The facility will have two parts. The first will make AI chips for Tesla's self-driving cars and humanoid robots. The second will make radiation-hardened chips (chips built to survive the harsh conditions of space) for SpaceX's satellite-based AI data centers.
This deal matters for two reasons. It gives Intel a major customer at exactly the right time. And it shows that AI chip demand is spreading beyond cloud computing into cars, robots, and space. The market for these chips is getting wider, not narrower.
Nvidia's Next Generation Is Coming Fast
While Intel is building Musk's factory, Nvidia is preparing its next chip launch. The Rubin GPU is set to ship in the second half of 2026 through Amazon Web Services, Google Cloud, and Microsoft.
Nvidia says Rubin will deliver 5 times the performance of its current Blackwell chip and cut the cost of AI processing by 10 times. If those numbers hold up, it could trigger another wave of spending from companies racing to upgrade their AI systems.

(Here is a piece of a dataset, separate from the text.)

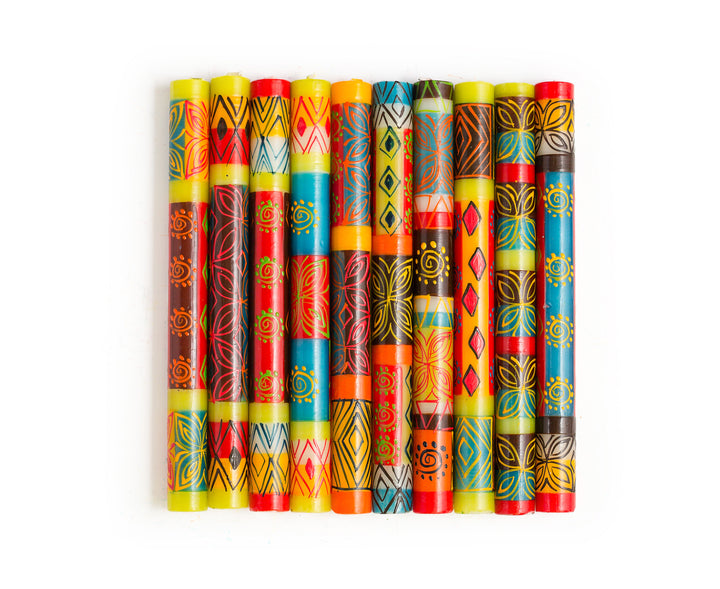 10 tapers in the 10 designs of the Desert Rose collection. Beautiful colors of the African desert; golden yellow, turquoise blue, browns, orange painted in blocks of color with abstract patterns on top.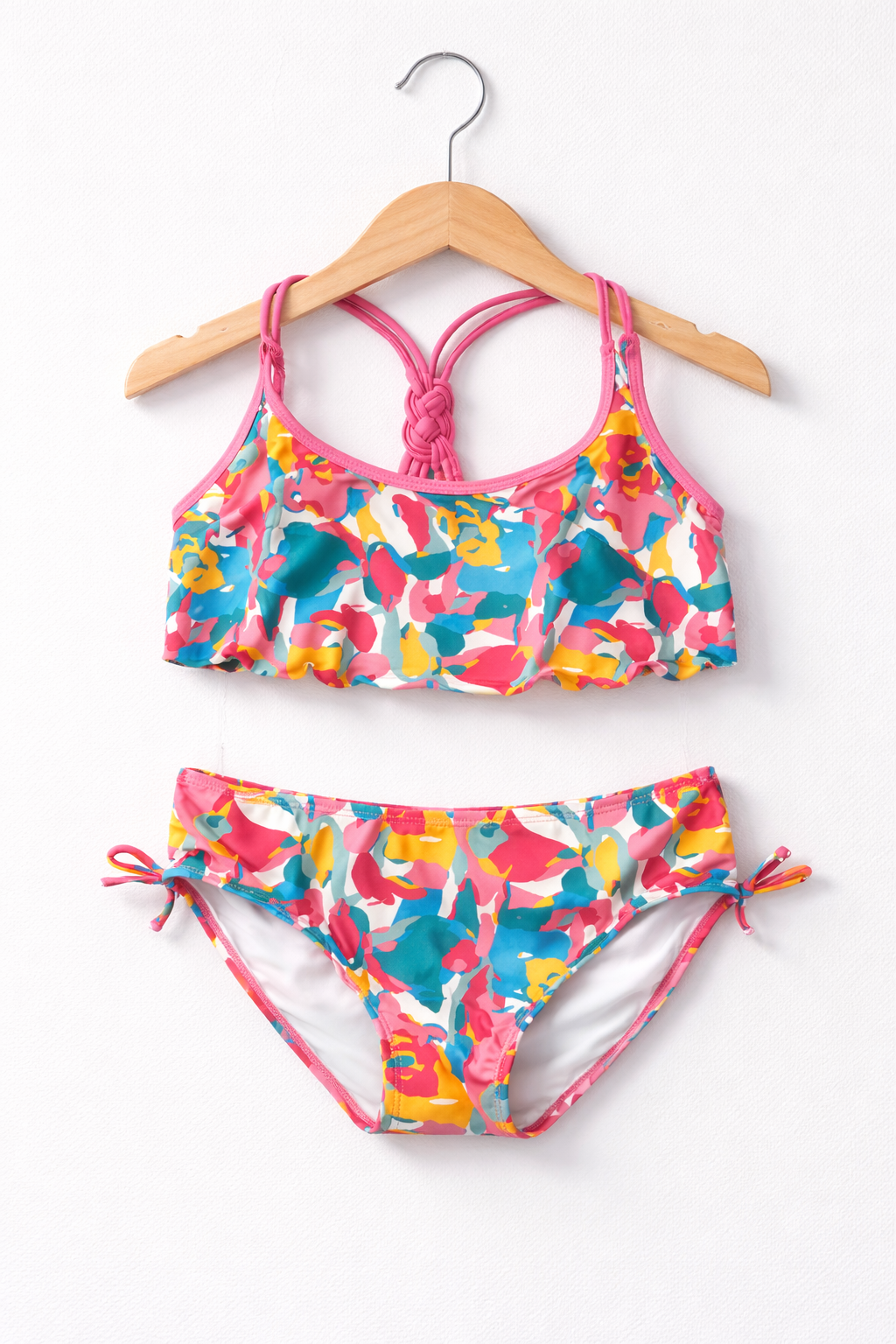 Make a splash in style! This youth girls two-piece swimsuit features vibrant, eye-catching colors designed for fun days in the sun. The top is finished with sweet scalloped edging for a playful, feminine touch, while the bottoms include an adorable side bow detail that adds extra charm.

For fiscal year 2026, Nvidia posted $215.94 billion in revenue, up 65% from the year before. Wall Street expects another 79% jump in the current quarter. Those are not normal growth rates for a $2 trillion company.
What This Means for Your Portfolio
The AI trade in 2026 looks different from 2025. Last year, you could buy almost any AI stock and make money. This year, the winners and losers are splitting apart. The Global X Artificial Intelligence ETF is down 3% year-to-date, even as individual names like Seagate (up 645% in the past year) and Intel (surging on the Terafab deal) post huge gains.
The lesson: picking the right AI stocks matters more now than it did a year ago. Broad AI ETFs are lagging. Companies with specific, high-demand products are pulling ahead.
The Bottom Line
Nvidia's streak ending is not a warning sign. The company is still growing revenue faster than almost any large-cap stock in history. Intel just landed its biggest deal in years. And AI chip demand is expanding into entirely new industries.
Watch for Nvidia's Rubin chip launch later this year. That is the next big catalyst. And keep an eye on Intel. If Terafab stays on track, the comeback story could be one of 2026's biggest surprises.